Le Tour, une question de langue
En 1987, j'ai couvert le Tour de France, pour Le Monde. C'est une plongée terrifiante dans un univers totalement hermétique à l'extérieur. Je ne suis jamais parti en immersion dans un sous-marin nucléaire, mais ce doit être la même chose. Cette année-là, le Tour partait de Berlin. Le Mur était encore debout. N'y connaissant rien au cyclisme, j'étais chargé des "à côtés". Je me souviens de mon premier reportage matinal dans la caravane, avec ma question stupide sous le bras : "ça vous fait quoi, de démarrer le Tour sous le Mur de Berlin ?" Rien. Ca ne leur faisait rien. A personne. Je parlais une autre langue. Coureurs, journalistes, distributeurs de bonbons sur les routes, dirigeants, se renferment pendant trois semaines, parlent leur langue propre, vivent dans leurs souvenirs et leurs regrets, repassent le film en boucle, évacuent l'avenir.

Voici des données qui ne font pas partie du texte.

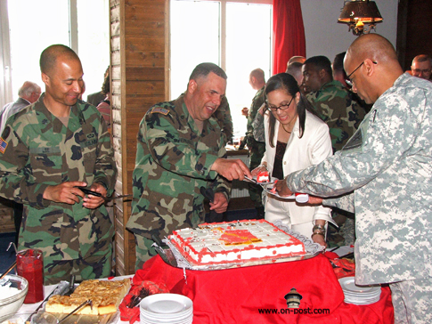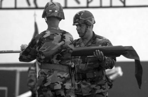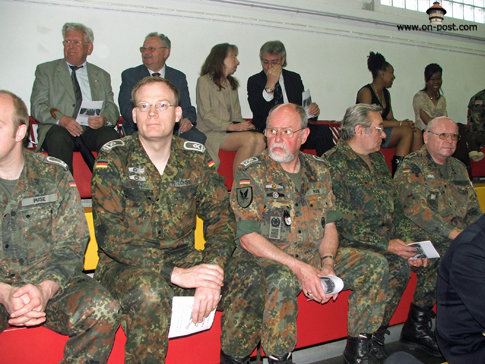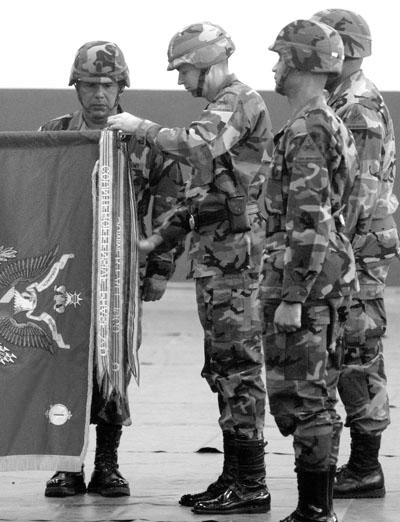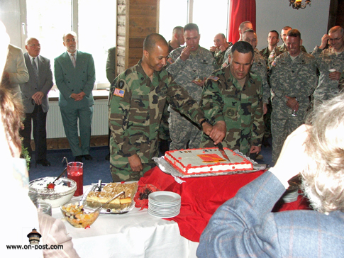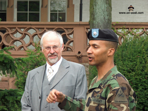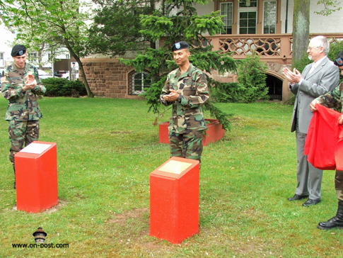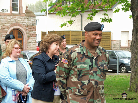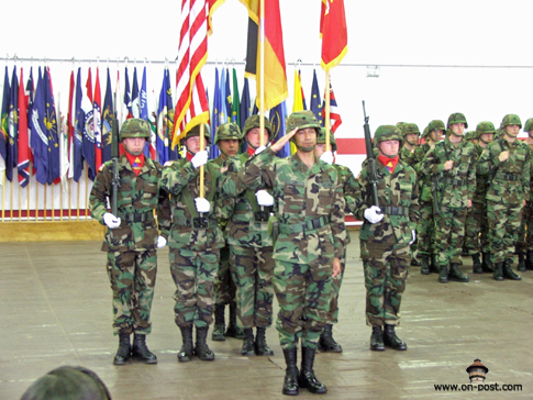 ![]() Babenhausen-based artillery unit inactivates By Kevin Dougherty, Stars and Stripes European edition, Wednesday, April 26, 2006 Michael Abrams / S&S BABENHAUSEN, Germany — The guns of Babenhausen were packed away for good Tuesday, at least ceremoniously. Though the unit won’t inactivate until mid-July, the 1st Armored Division bid adieu to the 1st Battalion, 27th Field Artillery Regiment at a morning ceremony held indoors due to bad weather. Several hundred people attended the event, from young American schoolchildren to local German officials. While the unit’s inactivation represents just one move in a theaterwide effort to downsize and reposition the U.S. Army, the change means something else to the people of Babenhausen. “We are sad the American soldiers are going and that no new Americans are coming anymore,” Reinhard Rupprecht, the city’s Bürgermeister, or mayor, said after the ceremony. “We are losing friends.” For more than 60 years, the people of Babenhausen co-existed with the U.S. military, first as an occupied people then as partners. That partnership saw them through reconstruction, the Cold War, the war in Vietnam and the recent campaigns in Afghanistan and Iraq. It also brought in additional revenues for the city and its residents. Rupprecht estimates that Americans today annually spend well over a half-million dollars in the town of 17,000 people. Babenhausen Kaserne, which is more than 100 years old, will likely be reconfigured for housing and light industrial use, Rupprecht said. The Army has yet to announce when it will turn over the facility to the Germans, though U.S. military officials have said the elementary school on post would close for good in June. In addition to the 1-27, two batteries of the 5th Battalion, 7th Air Defense Artillery Battalion and the 71st Ordnance Battalion are due to depart. Some personnel will remain for a time, but Babenhausen isn’t one of the “enduring communities” the military talks about. Tuesday’s ceremony drew assorted dignitaries, from Rupprecht to Army Maj. Gen. Fred “Doug” Robinson Jr., the 1st Armored Division commander. Two combat streamers were awarded to the unit before its colors were ceremoniously retired. During the ceremony, Robinson lauded the 1-27, noting the support it lent the 101st Airborne Division during the 2003 invasion of Iraq. The battalion also took on added duties after the government collapsed. “Keep your lanyards taut and your powder dry,” Lt. Col. Terry M. Lee, the battalion commander, said in closing. “Until we meet again …” ![]() Michael Abrams / S&S Soldiers of 1st Battalion, 27th Field Artillery Regiment stand in formation at the unit’s inactivation ceremony in Babenhausen, Germany. ![]() Michael Abrams / S&S Soldiers of 1st Battalion, 27th Field Artillery Regiment salute during the playing of the national anthem. ![]() Michael Abrams / S&S From left, 1st Battalion, 27th Field Artillery Regiment Command Sgt. Maj. Eleazar Hernandez, 1st Armored Division commander Maj. Gen. Fred “Doug” Robinson Jr., 1-27 Field Artillery commander Lt. Col. Terry M. Lee and 1st Armored Division Artillery commander Col. Darryl Williams take part in the unit’s inactivation ceremony in Babenhausen, Germany, on Tuesday. ![]() Michael Abrams / S&S Commander Lt. Col. Terry Lee, left, and Command Sgt. Maj. Eleazar Hernandez case the colors. Used with permission from Stars and Stripes. ©2006,2013 Stars and Stripes |
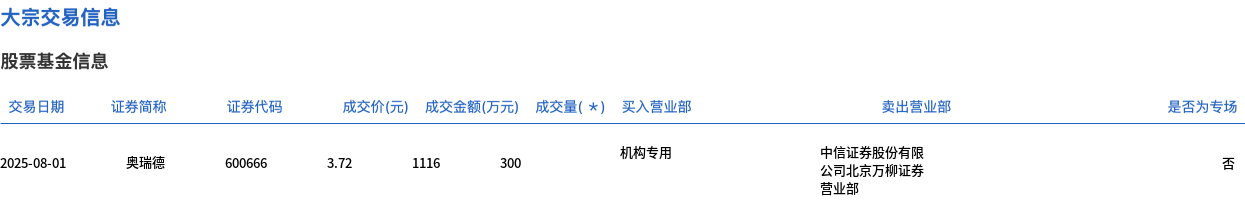 8月1日,奥瑞德大宗交易成交300万股,成交额1116万元,占当日总成交额的0.9%,成交价3.72元,较市场收盘价4.04元折价7.92%。

A l'inverse, de l'extérieur, cet univers est tout aussi incompréhensible. Ainsi, la question naturelle qui vient à l'esprit ("mais pourquoi, d'année en année, continuent-ils à se doper, alors qu'ils savent qu'ils vont se faire prendre, et partiront sous les sifflets?"), cette question n'a aucune réponse formulable, dans aucune des langues ou des dialectes parlés à l'extérieur.